Dr. Allen Brizee
The Journey
I began my career teaching writing in 1996 as a writing center tutor at Northern Virginia Community College (NOVA) where I earned an AS in General Studies. During this time, I also worked as a technical writer for the federal government.
After transferring to Virginia Tech, where I earned my BA and MA in English, I continued tutoring writing in the university writing center and taught as a graduate TA.
After spending some time teaching writing as an adjunct at NOVA and The George Washington University, I taught at the University of Maryland as a full-time non-tenure-track instructor. I realized that I wanted to teach writing as a living, so I began my PhD program in English focusing on rhetoric and composition at Purdue University. At Purdue, I also worked on the Purdue OWL.
After earning my PhD in 2010, I began teaching at Loyola University Maryland where I was tenured and promoted to associate professor in 2016.

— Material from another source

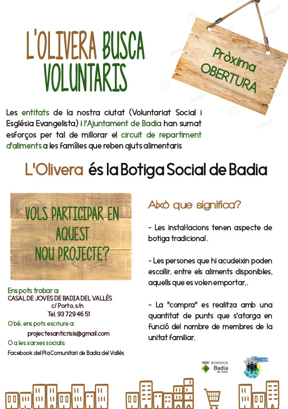 Amb aquest objectiu, s'ha creat un nou projecte: “l'Olivera”, la botiga social de Badia. Per què botiga social? L'Olivera comptarà amb unes instal·lacions
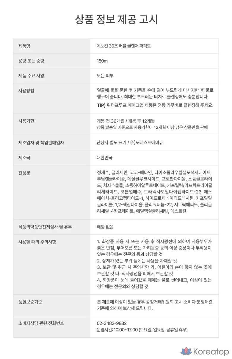 Menokine 30-Second Bubble Cleanser Perfect, 1 шт., 150 мл

In 2021, I moved to Saint Louis University to serve as the director of writing across the curriculum, and eventually, director of the Walter J. Ong, S.J., Center for Digital Humanities.
I am now an associate professor of rhetoric and writing and the writing program administrator at the University of Arkansas at Little Rock.
In the academy, I have taught courses in rhetoric, writing, and dark academia, and I have served in various administrative positions.
I have also published and edited non-fiction books: Read, Reason, Write; Partners in Literacy, and Commitment to Justice. I continue to work on Read, Reason, Write, and the fourteenth edition of this award-winning textbook will be published in January 2027.
My monograph, Rhetoric of the Middle Way in Isocrates, Queen Elizabeth I, and the Church of England, is now under contract with Bloomsbury Academic.
My work has also appeared in peer-reviewed journals, including PMLA, and I have delivered key notes and presentations at international, national, and regional conferences.
When I wasn’t working, I was drumming, gaming, LARPing (Darkon), and reading across genres. While I love classical and contemporary literary work, my first loves were science-fiction and fantasy. In the 1990s, some friends and I even published a sci-fi comic book! I suppose all of this brought me to where I am now, writing non-fiction and fiction.